Why were earlier utilities the ‘monopolies'? The reason for monopoly can be traced right back to the early days when electricity was comparatively a new technology. The skeptical attitude of the government towards electricity led to investment by private players into the power sector, who in turn, demanded for the monopoly in their area of operation. This created a win-win situation for both- government and the electrical technology promoters. However, the government would not let the private players enjoy the monopoly and exploit the end consumer and hence introduced regulation in the business. Thus, the power industries of initial era became regulated monopoly utilities . The structure of a conventional vertically integrated utility is shown in Figure 1.1. As evident from the figure, there was only a single utility with whom the customer dealt with. Thus, only two entities existed in the power business: a monopolist utility and the customer.

 
 
Fig 1.1
 
What does ‘regulation’ mean? The regulations are generally imposed by the government or the government authority. These essentially represent a set of rules or framework that the government has imposed so as to run the system smoothly and with discipline, without undue advantage to any particular entity at the cost of end consumer. All practical power systems of earlier days used to be regulated by the government. This was obviously so. The old era power industries were vertically integrated utilities and enjoyed monopoly in their area of operation. Whenever a monopoly is sensed in any sector, it is natural for the government to step in and set up a framework of way of doing business, in order to protect end consumer interests.

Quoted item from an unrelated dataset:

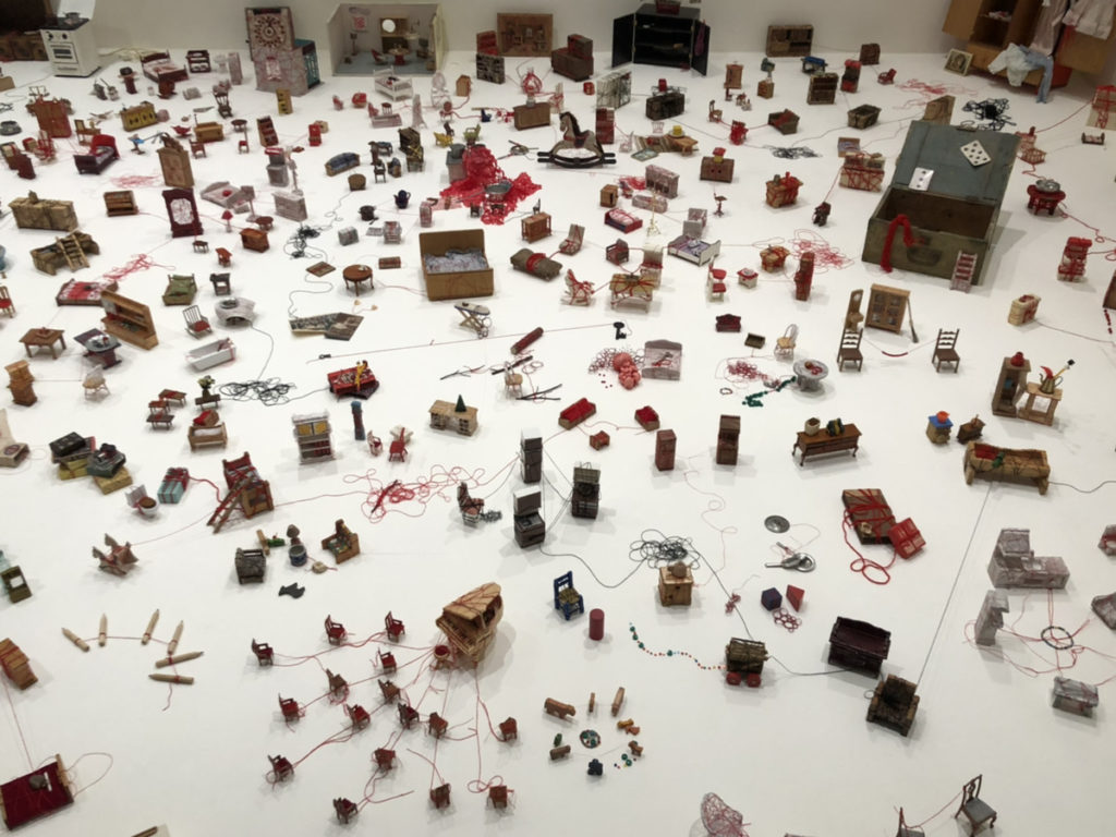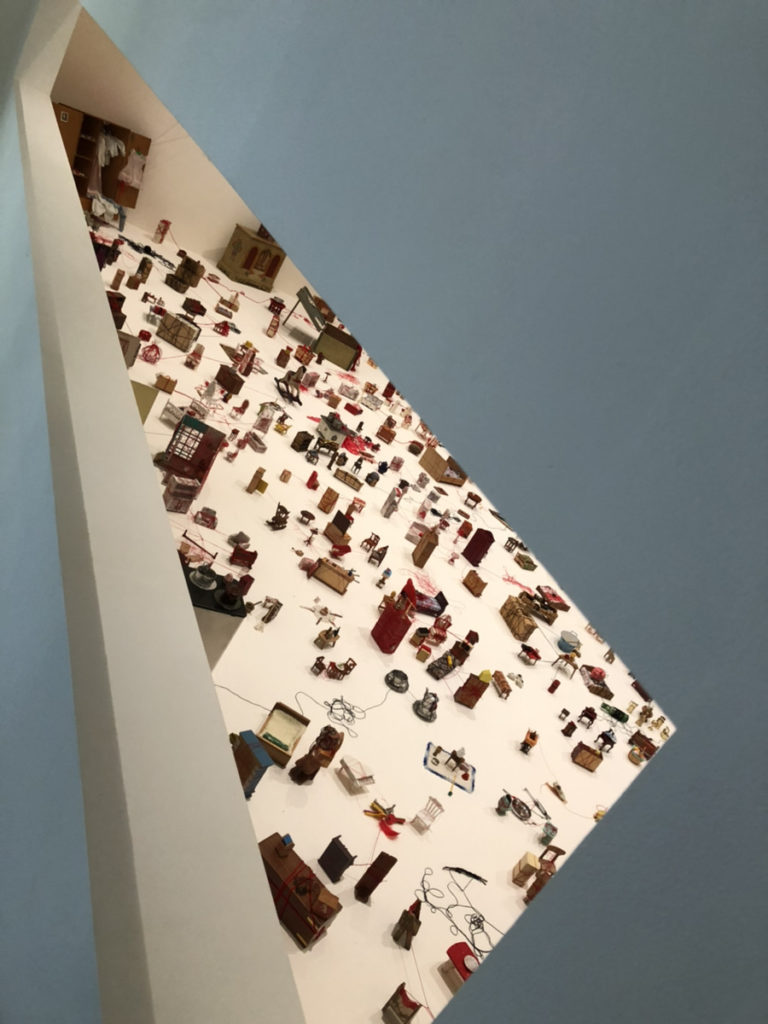 在迷你模型區裡,原本以為只是把不同的小模型擺在一起,但靠近一看,才發現有些相關的物品都被紅線串在一起了。在這個展示間裡的正對面牆壁上開了一個小洞,原本還不知道用意是什麼,等到走到後面才發現原來是不同的視覺感受。

Some of the characteristics of monopoly utility are:
 
  1. Single utility in one area of operation enjoying monopoly.
  2. Regulated Framework: The utility should work under the business framework setup by the government.
  3. Universal Supply Obligation (USO): Utility should provide power to all those customers who demand for it.
  4. Regulated Costs: The return on the utility's investments is regulated by the government.
 
In a nutshell, regulation is about checking the prices of the monopolist in the absence of private players and market forces.